» **Required work**: Below this sentence is a listing; return exactly its lines from the one with "Pakistan proposes 10,000" to the one with "Gin Glasses Gold", both kept, and nothing more.

» **Entries provided**:

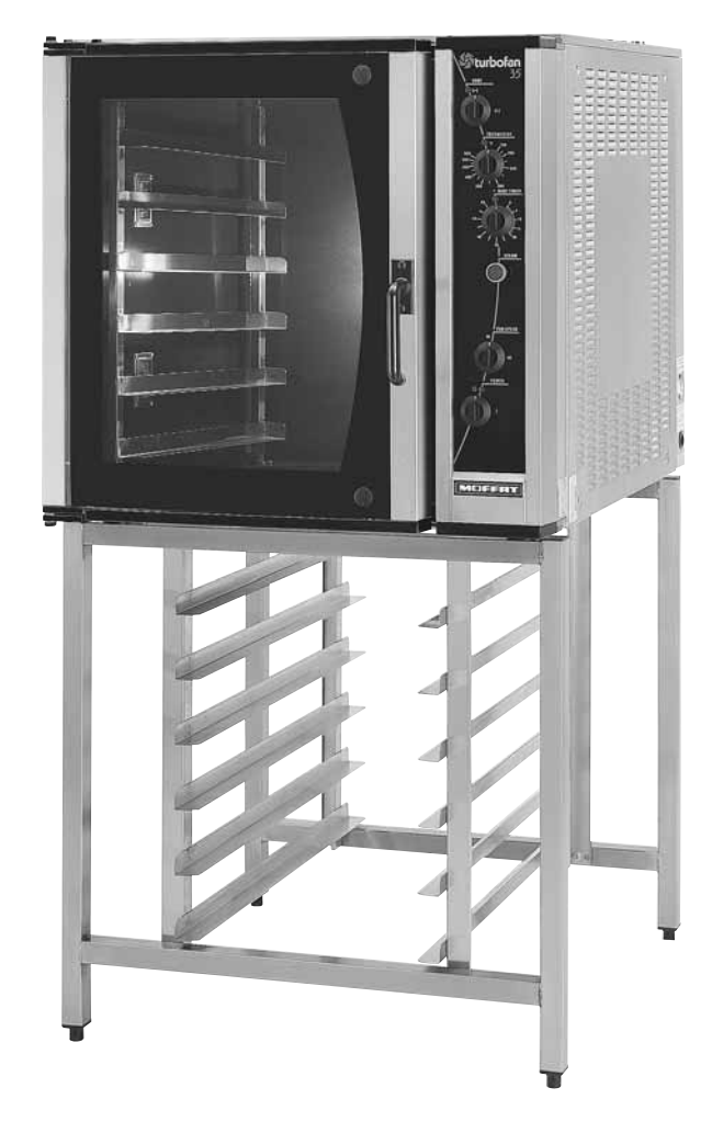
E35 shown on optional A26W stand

--

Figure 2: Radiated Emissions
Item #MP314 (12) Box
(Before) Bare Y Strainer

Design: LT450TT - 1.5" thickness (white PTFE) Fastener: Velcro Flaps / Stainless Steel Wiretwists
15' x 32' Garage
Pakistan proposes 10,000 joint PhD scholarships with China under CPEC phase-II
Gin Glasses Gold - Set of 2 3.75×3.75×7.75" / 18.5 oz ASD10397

==

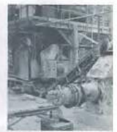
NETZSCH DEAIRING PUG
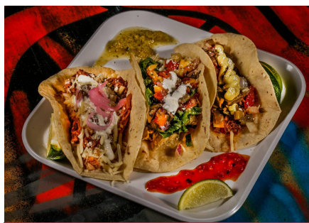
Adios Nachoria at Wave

» **Result for this exercise**:
Pakistan proposes 10,000 joint PhD scholarships with China under CPEC phase-II
Gin Glasses Gold - Set of 2 3.75×3.75×7.75" / 18.5 oz ASD10397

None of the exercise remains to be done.